One of the difficulties with large scale, multi-team python efforts is the overhead of understanding the kind of data
(e.g., list of strings, nested map from long to string to double) that a function or a webservice expects and returns.
Python lacks static typing and, moreover, static typing is insufficient to capture and validate custom business types,
which ultimately is what holds back teams from rapidly iterating on each others work.[1]

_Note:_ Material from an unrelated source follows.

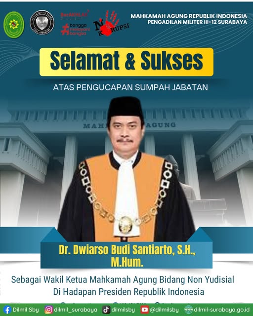 11/11/2025 - In Berita By Dilmil III-12 Admin 2 Comment off Selamat dan Sukses Atas Pengucapan Sumpah Jabatan Keluarga Besar Pengadilan Militer III-12 SurabayaMengucapkan:Selamat dan SuksesAtas Pengucapan Sumpah JabatanWakil Ketua Mahkamah Agung Bidang Non YudisialYM. Dr. Dwiarso Budi Santiarto, S.H., M.Hum.Di Hadapan Presiden Republik Indonesia.#dilmil #dilmilsby #dilmilsurabaya #pengadilan #Peradilan #pengadilanmiliter #pengadilanmilitersurabaya #berakhlak #ASNBerAKHLAK #BanggaMelayaniBangsa #ReformasiBirokrasi #WBKWBBM #kemenPANRB #mahkamahagungRI #zonaintegritas #wilayahbebaskorupsi #wbk Previous Keluarga Besar Pengadilan Militer III-12 Surabaya mengucapkan selamat hari Pahlawan. Next Pelaksanaan Sidang Online
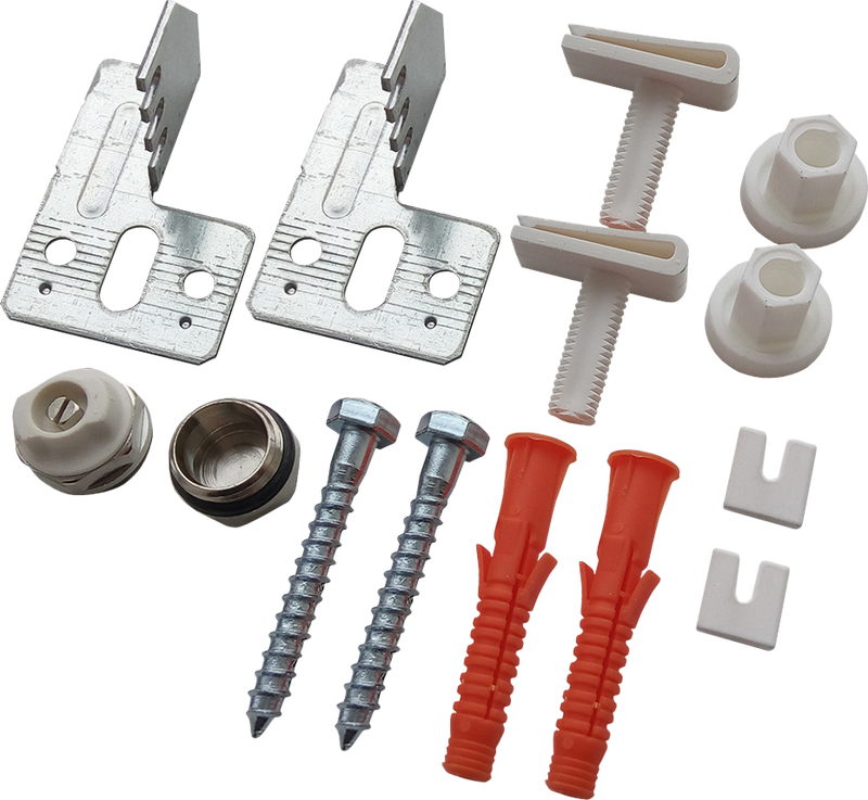 Univerzális szögvas felerősítő szett vakolt és nyers falhoz, ami 2 db állítható, hangvédőbetétes szögvasfülből, 2 db távtartóból, 2 db tipliből és hatlapfejű csavarból, + 1 végdugóból és 1 légtelenítőből áll. Beállítási lehetőségek: a faltól a fűtőtest füléig 10, 30, 43, 53 valamint 63 mm.

To you, the programmer, schemagic is all about three things:

* data **description** using the simplest python data structures and an easily extensible syntax
* data **communication** between teams, enhancing documentation, giving feedback when something went wrong.
* data **validation** based on descriptions of data that have been documented and communicated.
Comments describing the shape of data are insufficient in real world applications.
Unless the documentation is backed up by programmatic verification, the documentation gets initially ignored,
and ultimately falls behind the actual program behavior.

In other words, **schemagic is all about data**.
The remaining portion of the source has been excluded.